[[ Provided material open ]]

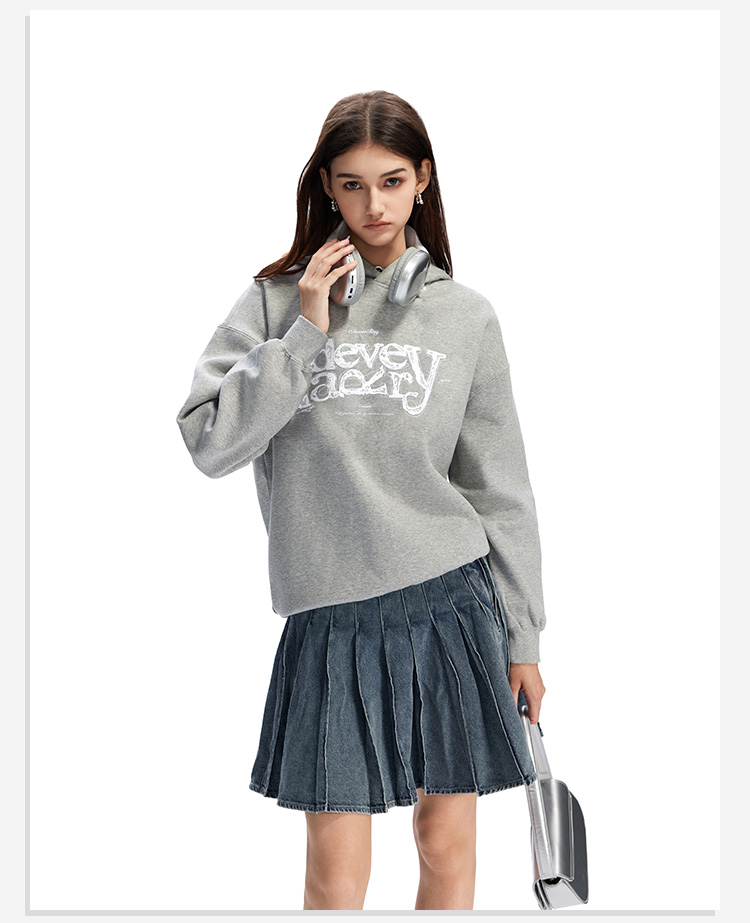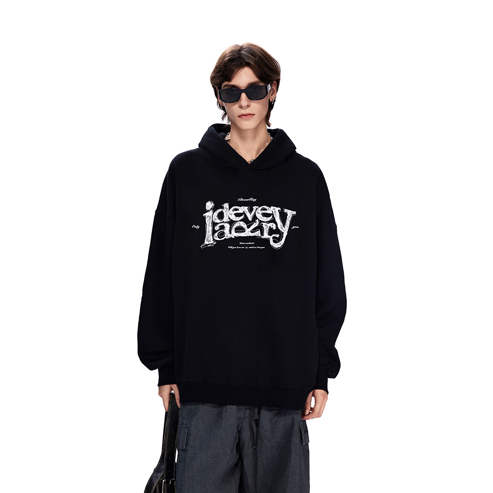 明星同款 IDEVERRAY蕾丝logo连帽卫衣男女秋冬加绒情侣装帽衫上衣
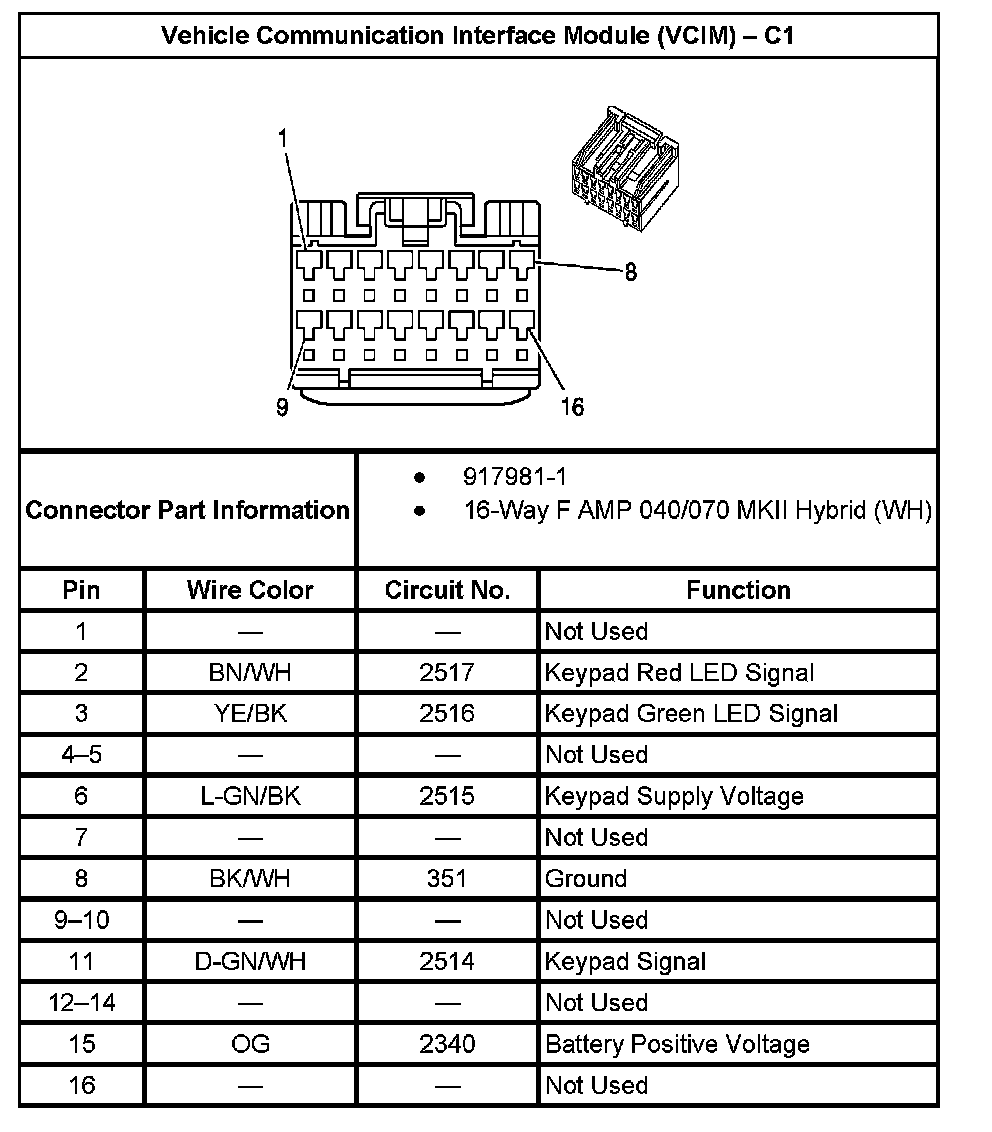 Vehicle Communication Interface Module (VCIM) - C3 (With RPO Code US4):
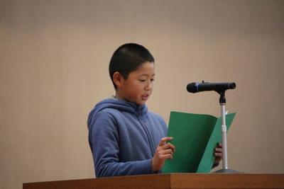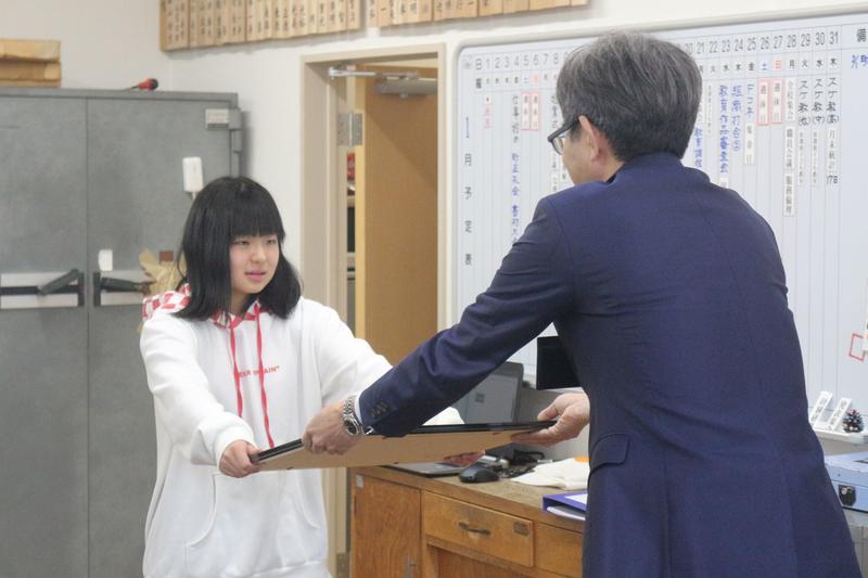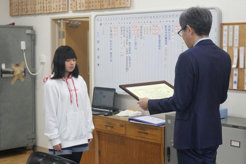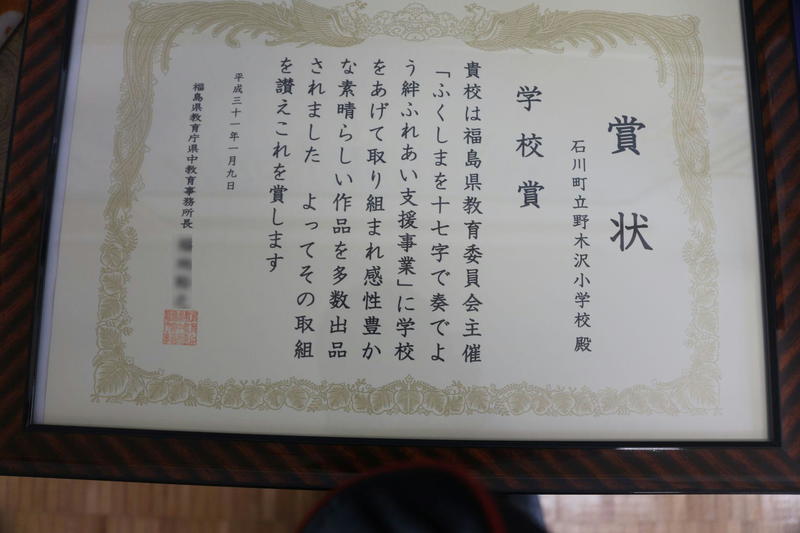 2019年1月11日 14時51分昨日、県中教育事務所長、担当主事に来校していただき、福島県教育委員会主催「ふくしまを十七字で奏でよう絆ふれあい支援事業」の学校賞の表彰をしていただきました。学校を代表して6年生児童が受賞しました。この学校賞は、この事業に学校をあげて継続して取り組むとともに、その作品一つ一つの完成度合いが優れている学校に送られるものです。

[[ Provided material closed ]]

Task requirements: An exact, word-for-word version of the material is required, free of pictures.

Solution to this task:
 明星同款 IDEVERRAY蕾丝logo连帽卫衣男女秋冬加绒情侣装帽衫上衣
 Vehicle Communication Interface Module (VCIM) - C3 (With RPO Code US4):
 2019年1月11日 14時51分昨日、県中教育事務所長、担当主事に来校していただき、福島県教育委員会主催「ふくしまを十七字で奏でよう絆ふれあい支援事業」の学校賞の表彰をしていただきました。学校を代表して6年生児童が受賞しました。この学校賞は、この事業に学校をあげて継続して取り組むとともに、その作品一つ一つの完成度合いが優れている学校に送られるものです。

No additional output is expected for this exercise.